After they return, the student may be evaluated for SEN or learning difficulties that may have been previously missed and therefore improve their behaviour. It is a chance for them to articulate the needs which have been missed that caused the bad behaviour, and therefore get them resolved. Also, in the case of permanent exclusion, the referral to a different school can be needed as the change in environment, as not all schools work for everyone.  

The new school may have different facilities or a different teaching style which benefits the student and therefore helps them improve their behaviour. Also, being referred to a Pupil Referral Unit may help, as they often have smaller class sizes and more individual attention from specialised behaviour teachers, which can help them get back onto the right track.

7. School Exclusion Can Damage Future Prospects

The long-term effects of exclusion on a pupil’s life can be huge. Mental health difficulties, social isolation and decreased self-esteem can all have a huge effect on people’s lives.  

It is estimated that the total cost of school exclusion to the state for each child over their lifetime is £370k. The cost to individuals, families, and the child themselves is likely to be much higher. This figure did not factor in the loss of employment opportunities, social isolation, stress-related illness cost or care costs (excluded children are much more likely to be in care) for the state or the child. This means that the cost is again likely very high.  

Also, as mentioned previously, the exam result decrease related to missing school is a damaging factor for life prospects. If a student gets lower exam results, they may be unable to study their desired A-Levels and go on to a career of their choice. It also may mean that the student never reaches their full potential in life. Not only does this damage the student, but also society as we lose out on skills and careers which we need.

8. Lowering Self Esteem

Even after all this, one of the most damaging effects of school exclusion on students is the damage to their self-esteem. For many students, being excluded feels like a failure. They may feel like they are a bad person, or do not deserve help anymore, because their behaviour has been so bad that the school “doesn’t want to deal with them” anymore (this is of course, not true).  

Even for students who are frequently excluded, being told yet again that they are not allowed to come into school can be a huge blow and make them feel like they are worthless, this contributes to the mental health issues caused by exclusion. 

When nobody wants to be your friend, school can feel lonely and even harder than before, which can mean pupils act up to get attention, which increases the issue that the exclusion sought to punish. Having nobody to talk to also severely decreases self-esteem, as students begin to feel like they are evil or not with being friends with, or unlikeable. This can contribute to later attachment issues and mental health problems.

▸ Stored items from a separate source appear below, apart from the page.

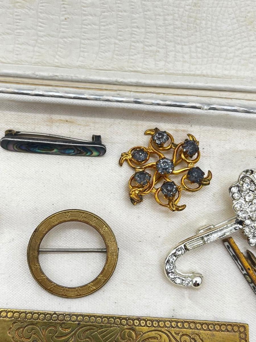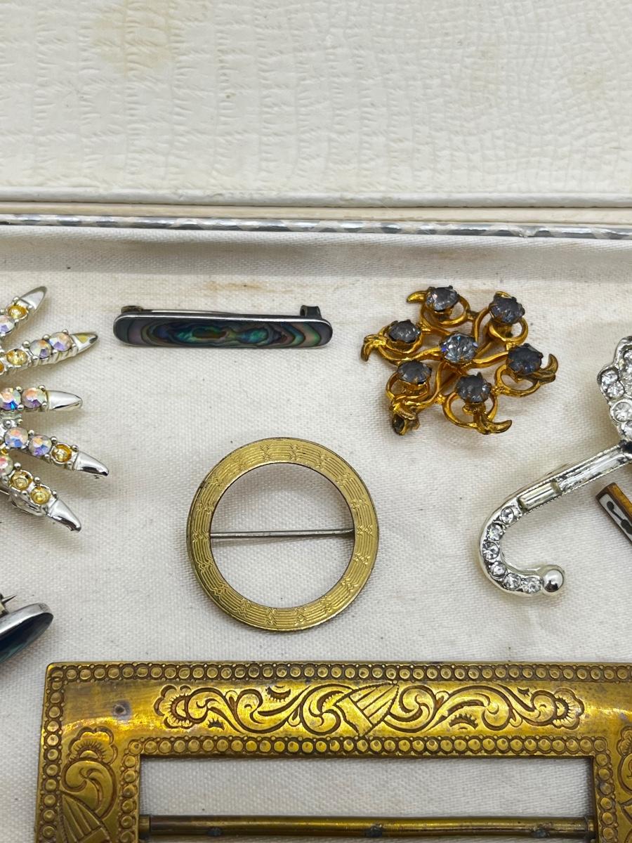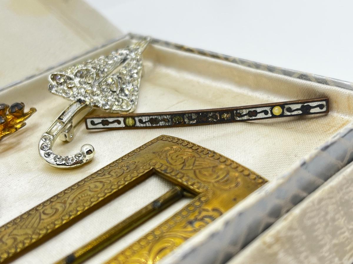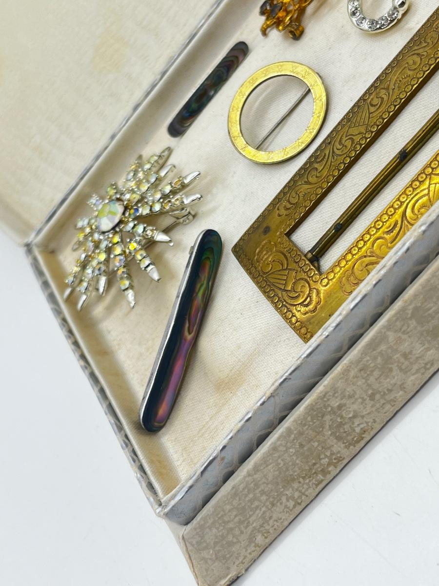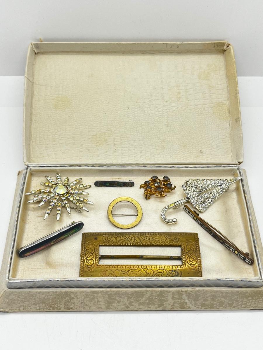 LOT 205J: Antique Brass Buckle, Sterling and Abalone Bar Pin, Enamel and Brass Bar Pin and More!
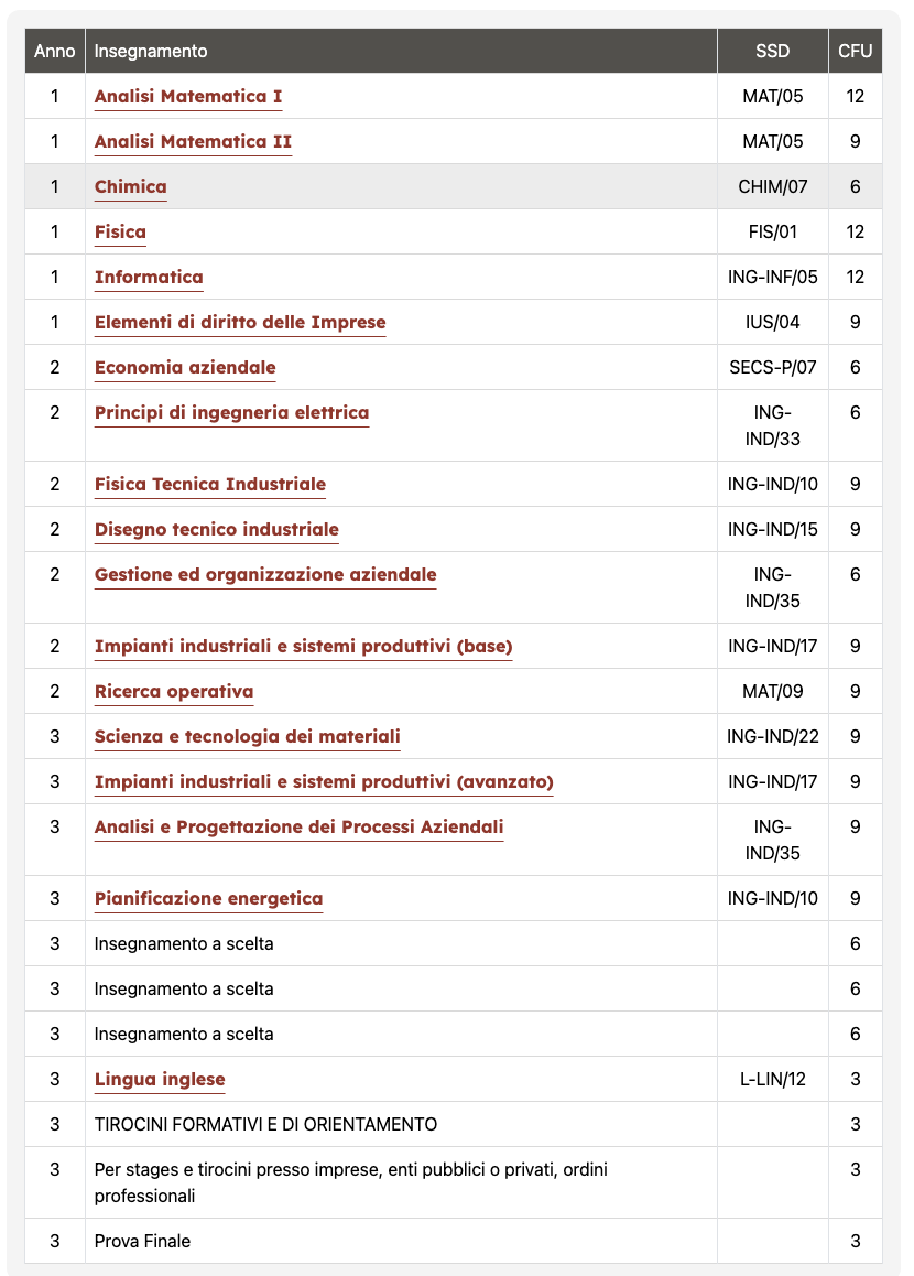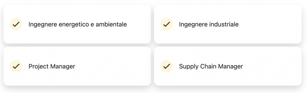 Il laureato acquisisce durante il corso di studi conoscenze sia di base che ingegneristiche applicative nell’ambito dell’ingegneria industriale. Il percorso formativo ha un approccio metodologico flessibile che consentirà alla studente di svolgere funzioni tecnico-operative in ambito industriale, ma anche di gestione e coordinamento di piccole unità operative.
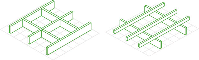 Valik sõltub sageli terrassi kõrgusest. Ristkarkassi (paremal) saab üldjuhul kiiremini paigaldada, aga selle jaoks peab terrassilaudis jääma veidi kõrgemale. Juhul kui terrass sh terrassi karkass peab olema madalam, langeb valik tavaliselt tasapinnalise karkassi kasuks (vasakul), kus prussid ja kandetalad ristuvad samal kõrgusel.
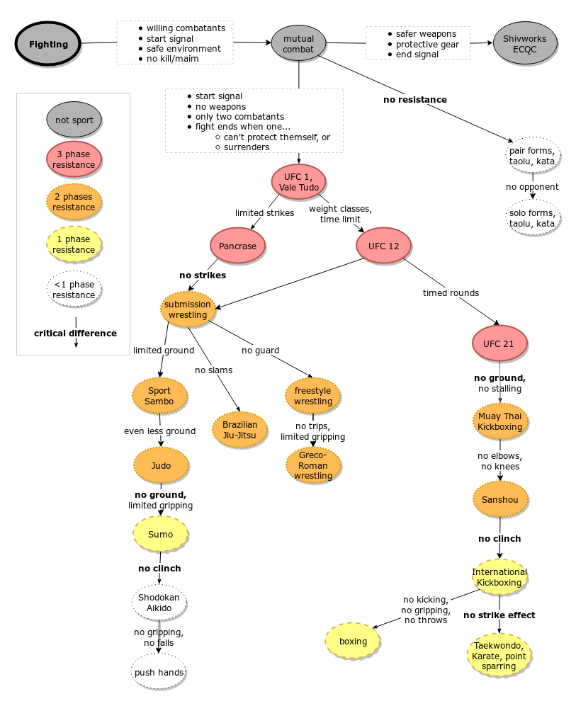One way to look at the relationship between a "real fight" or "street fight" and a fighting sport is to consider the rules, restrictions, and limitations imposed on the competitors. Any student who wants to maximize their training's applicability to fighting must consider how "near" a fighting sport is to a real fight. But if a better chance of survival is the goal, suffering debilitating short- or long-term injury (e.g., traumatic brain injury) in the process of training is counterproductive. Although safe, sustainable training and realistic, fight-like training are competing goals, there is good evidence that some training methods lie in a "Goldilocks" zone where they provide a fair measure of both. In the following graph, nodes (ovals) represent fighting sports and edges (arrows connecting them) represent rules or constraints added to those present in the preceding oval.
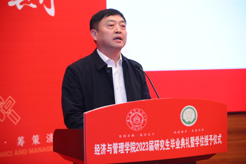 随后,周德群院长作了题为《牢记经管使命,成就“经”彩人生》的讲话,他代表学院师生员工向全体毕业研究生表示热烈的祝贺,向辛勤耕耘、无私奉献的研究生导师、教职员工、家长朋友们表示崇高的敬意和衷心的感谢。
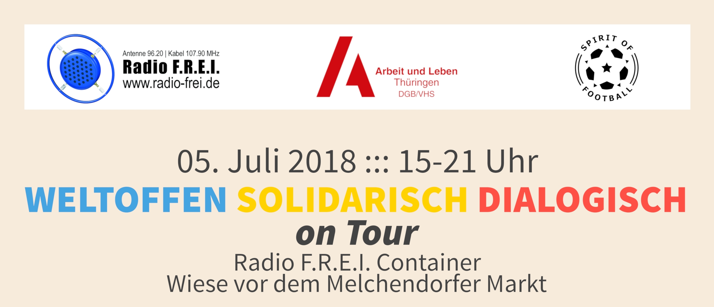 Weltoffenheit und Solidarität tourt durch den Osten Sieben entwicklungspolitische Tagestouren durch Ostdeutschland, zwischen dem 3.Mai und 5.Juli 2018
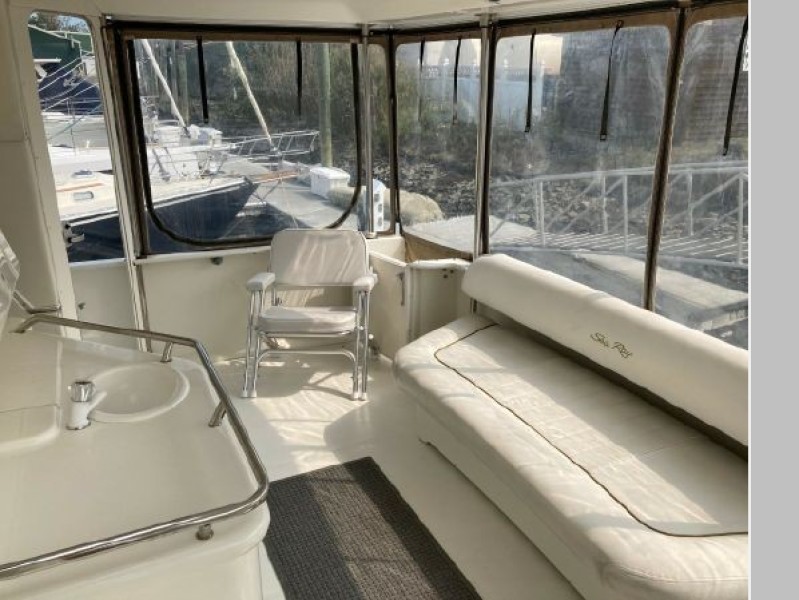 - Fiberglass steps lead from aft deck up to the roomy flybridge
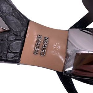 HERVE LEGER Black Rhinestone Studded Platform Stiletto Sandals Size 38.5
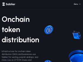 95%Infrastructure for onchain token distribution. DAOs and businesses use Sablier for vesting, payroll, airdrops, and more.
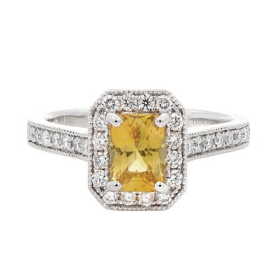 - > Natural Yellow Sapphire 1.07ct & Diamond 0.33ct Emerald Shaped Cluster Ring
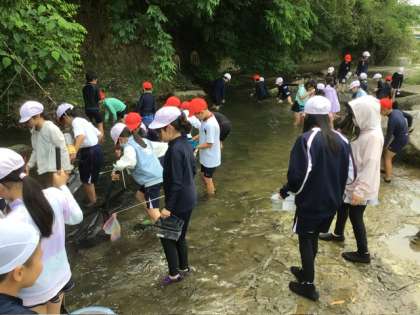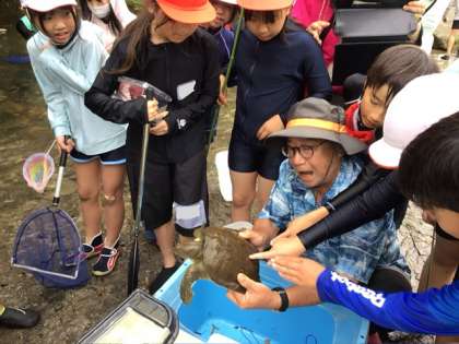 午後からは、阿部氏に実際の川へご同行いただきました。川での魚の捕まえ方や、魚の種類について実演を交えながら教えていただき、楽しいひとときを過ごしました。川の自然と生き物の魅力を身近に感じる、貴重な機会となりました。
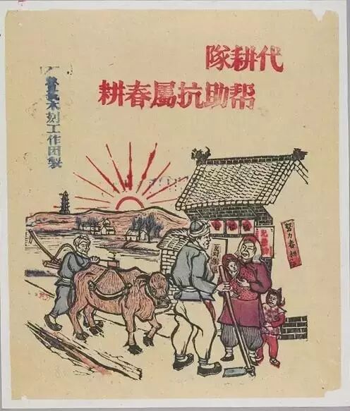 代耕队帮助抗属春耕 套色木刻版画,黄山定,1940年,35厘米×29.8厘米。
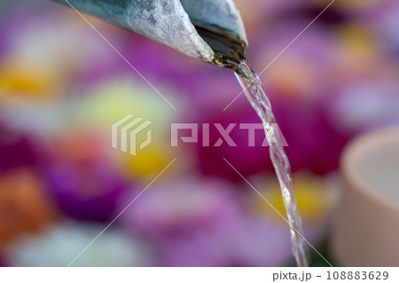 奈良県明日香村にある西国七番札所岡寺の綺麗な花手水を撮影したもの
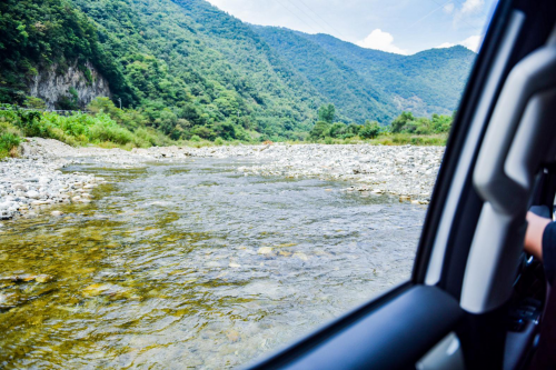 这段河床长度约2公里,主要由涉水路和鹅卵石路组成。拥有双速TOD智能四驱和三把锁的哈弗H9拥有强大的路况适应能力,面对这样的路况,应对地游刃有余。再配合最大功率达165KW ,最大扭矩385Nm的2.0T发动机,基本可以用“横行霸道”来形容教学现场的挑战气势。
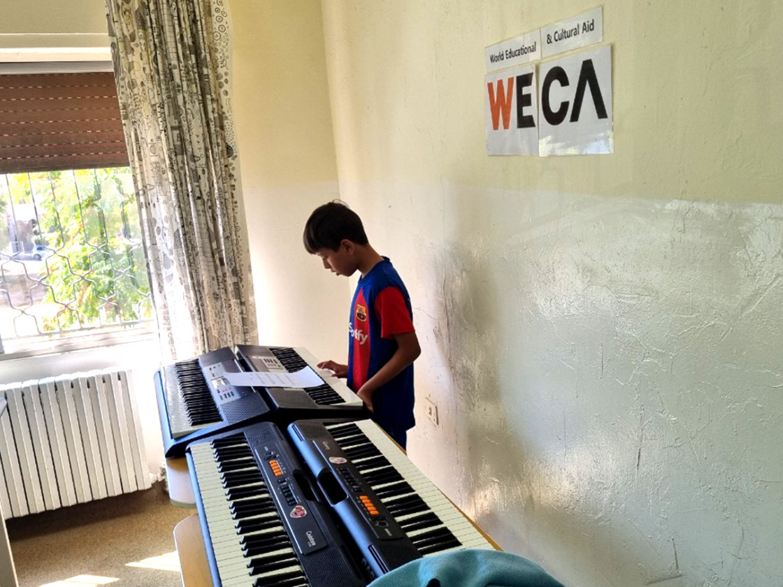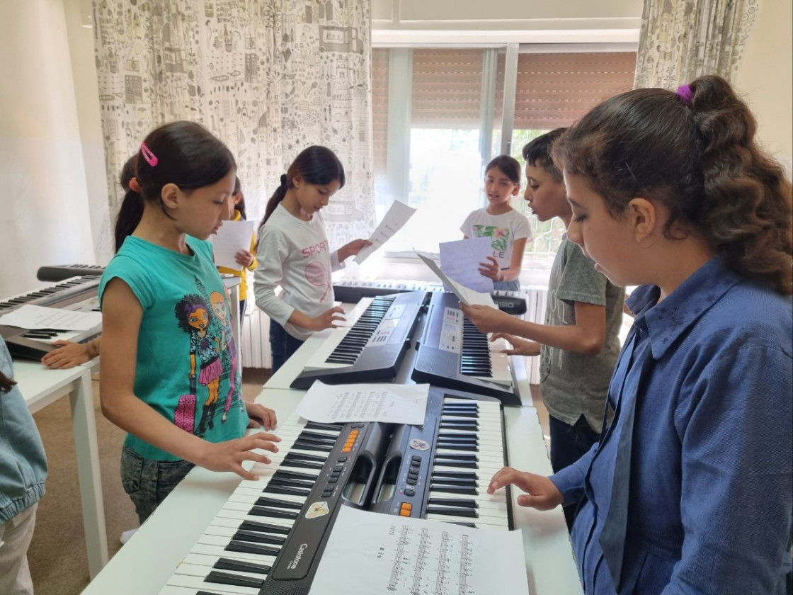 암만 생명나무센터에서 요르단 아이들은 악보 계이름 읽는 법을 배우며, 그에 맞춰 피아노 연주 연습을 하고 있습니다. 아이들에게는 친구들과 함께 피아노 건반을 두드리며 화합하고, 서로의 마음을 나누는 시간이 참 소중하답니다. 후원자님의 따뜻한 마음 덕분에 아이들은 밝게 웃음을 지으며 지내고 있습니다.
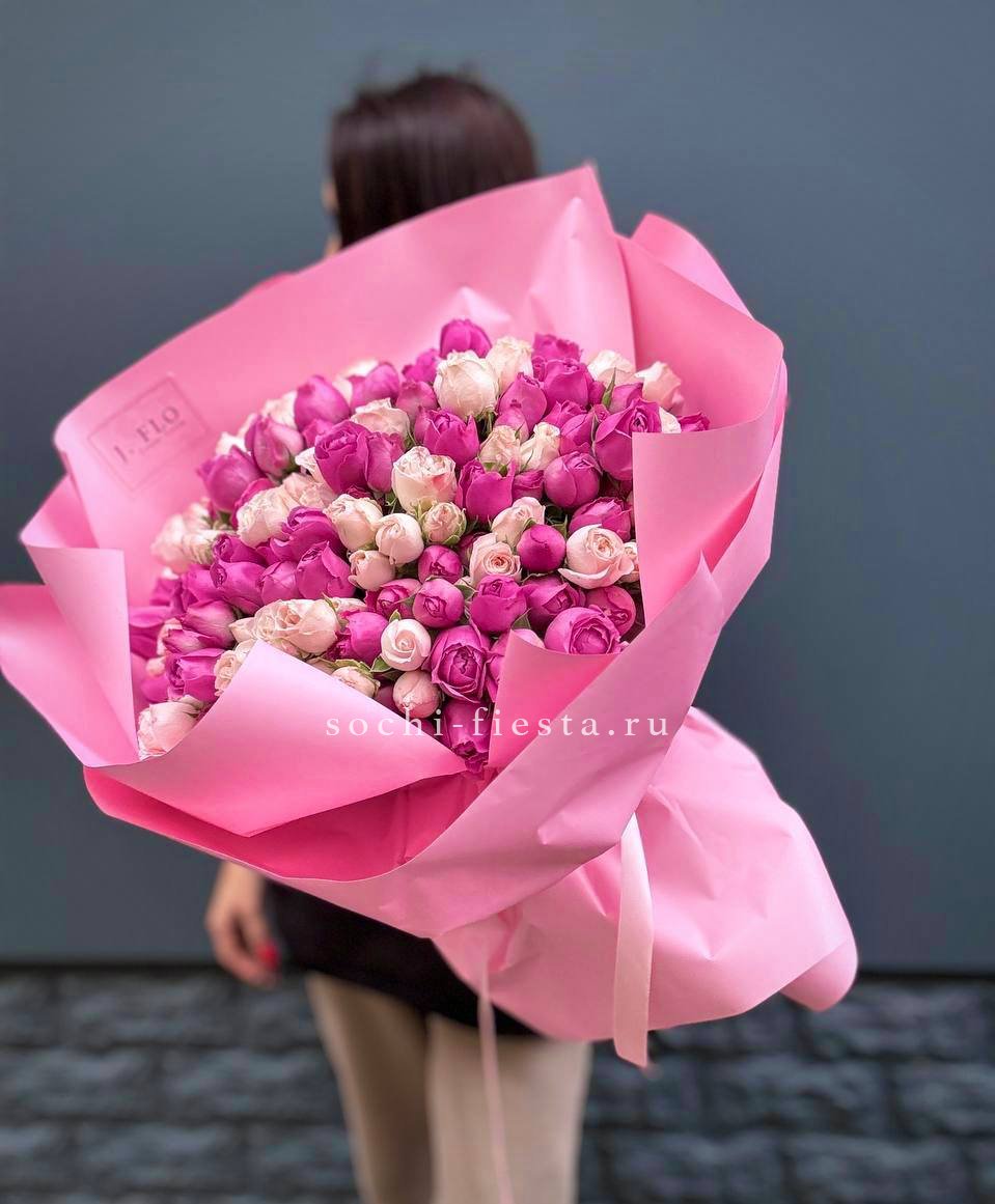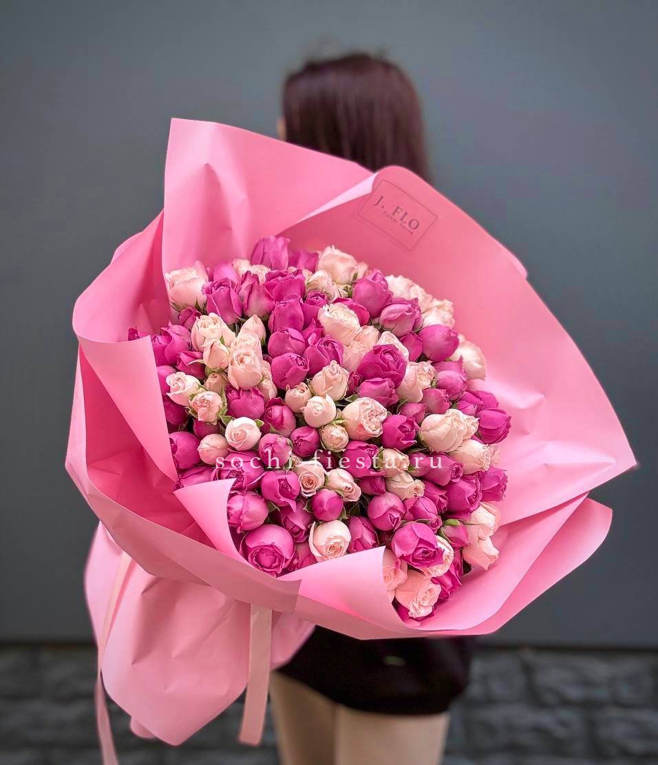 Сто один стебель кустовой розы собраны в плотный букет с множеством мелких бутонов. Каждая ветвь раскрывается пышной шапкой соцветий, создавая объёмную текстуру и живую динамику композиции.

Schools Should Make Sure Help is Provided to Students Who Are Excluded

Schools should ensure that exclusion is accompanied by support such as counselling, reintegration meetings and assurance from staff that this is a punishment for a single incident and that they are still worthy of education and attention from staff. It is key to maintain this support to prevent recurring behaviour.  

If you have been affected by the issues discussed in the article and need further support, the Childline phone number (0800 1111) provides free and confidential support as well as on their website, for young people who need it. For those struggling with mental health, the Mind website has support and guidance for many issues you could be facing.